What the deadman() function does

The deadman function keeps the most recent row for each group (host), adding a dead column that is set to false if the most recent record happened after the time period to check for the deadman, or true if it happened before this time period, indicating a deadman.

Before going over the Flux query, it’s necessary to explain why using the deadman() function is required. Without it, any host that stopped writing in would not be included in the table that is returned.

Writing a Flux query to use in a dashboard cell

Let’s say we want to create a dashboard cell that displays a list of hosts and the current uptime or “offline” if it’s not returning metrics.

First we import two packages:

import "influxdata/influxdb/monitor"
import "experimental"

The monitor package is used in the monitor.deadman() function, and the experimental package is used in the experimental.subDuration() function to request a time period in the past that we want to check for.
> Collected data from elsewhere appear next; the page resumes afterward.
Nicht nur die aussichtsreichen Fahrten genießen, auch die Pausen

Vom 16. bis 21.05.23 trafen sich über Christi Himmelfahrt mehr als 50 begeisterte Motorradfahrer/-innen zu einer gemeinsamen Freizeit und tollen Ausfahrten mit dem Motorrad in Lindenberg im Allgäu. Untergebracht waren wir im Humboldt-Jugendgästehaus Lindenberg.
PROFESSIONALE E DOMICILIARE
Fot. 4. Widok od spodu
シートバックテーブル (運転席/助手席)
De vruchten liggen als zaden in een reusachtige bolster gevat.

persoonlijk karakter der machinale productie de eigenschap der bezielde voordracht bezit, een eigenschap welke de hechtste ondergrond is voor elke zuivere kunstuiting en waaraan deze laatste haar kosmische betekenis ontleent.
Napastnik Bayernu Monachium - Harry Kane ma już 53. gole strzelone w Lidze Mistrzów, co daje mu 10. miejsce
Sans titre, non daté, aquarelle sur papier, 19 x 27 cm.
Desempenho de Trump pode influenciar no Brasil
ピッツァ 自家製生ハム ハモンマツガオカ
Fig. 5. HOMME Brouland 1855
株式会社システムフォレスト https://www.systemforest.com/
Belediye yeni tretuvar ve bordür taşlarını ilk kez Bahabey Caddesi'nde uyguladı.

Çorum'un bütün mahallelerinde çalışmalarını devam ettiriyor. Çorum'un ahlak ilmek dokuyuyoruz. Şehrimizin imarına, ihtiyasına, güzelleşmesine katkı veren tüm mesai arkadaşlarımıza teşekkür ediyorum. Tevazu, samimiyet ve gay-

Next, we bring back tables with the latest point for each host within the past 7 days:

from(bucket: "bucket_name")
    |> range(start: -7d)
    |> filter(fn: (r) => r["_measurement"] == "system")
    |> filter(fn: (r) => r["_field"] == "uptime")
    |> group(columns: ["host"]
    |> last()

The returned data includes the latest record for each host with the uptime field _value and _time columns:

Visualizing uptime using Flux query and scripting language

In order to check whether the host is a deadman; i.e., hasn’t written any data within the past hour, we’ll call the monitor.deadman() function:

|> monitor.deadman(t: experimental.subDuration(d: 1h, from: now()))
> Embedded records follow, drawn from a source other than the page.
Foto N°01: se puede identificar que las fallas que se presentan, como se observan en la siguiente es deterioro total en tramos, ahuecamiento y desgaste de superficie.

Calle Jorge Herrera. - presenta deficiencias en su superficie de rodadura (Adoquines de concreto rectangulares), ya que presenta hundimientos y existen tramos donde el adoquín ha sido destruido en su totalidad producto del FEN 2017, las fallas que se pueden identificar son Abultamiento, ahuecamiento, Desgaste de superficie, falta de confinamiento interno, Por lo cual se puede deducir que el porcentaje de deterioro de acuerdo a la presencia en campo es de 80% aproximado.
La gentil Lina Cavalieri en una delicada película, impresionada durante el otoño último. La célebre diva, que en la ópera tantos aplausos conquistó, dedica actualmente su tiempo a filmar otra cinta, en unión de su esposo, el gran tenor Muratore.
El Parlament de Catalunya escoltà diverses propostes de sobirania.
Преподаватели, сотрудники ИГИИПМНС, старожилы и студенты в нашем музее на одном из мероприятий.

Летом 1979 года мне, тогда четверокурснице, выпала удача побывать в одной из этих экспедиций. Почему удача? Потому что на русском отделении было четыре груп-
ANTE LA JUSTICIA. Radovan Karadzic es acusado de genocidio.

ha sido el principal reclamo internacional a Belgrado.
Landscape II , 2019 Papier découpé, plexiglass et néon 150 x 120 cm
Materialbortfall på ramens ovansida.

Notice the additional dead column:

Flux - monitor.deadman function

Hosts with a dead record set to false indicate they are actively sending in data. Likewise, hosts set to true indicate a deadman; i.e., no data was written in the past hour.

In order to make it more understandable in a dashboard cell, we add a map() to display “offline” hosts, otherwise, display the current uptime:

|> map(fn: (r) => ({ r with _value: if r.dead == true then "Offline" else string(v: r._value) }))

To display a more understandable uptime duration, we can convert seconds to days or hours:

|> map(fn: (r) => ({ r with _value: if r.dead == true then "Offline" else if 
                                           r._value > 86400 then 
                                                string(v: r._value / 86400) + " days" else
                                                string(v: r._value / 3600) + " hours"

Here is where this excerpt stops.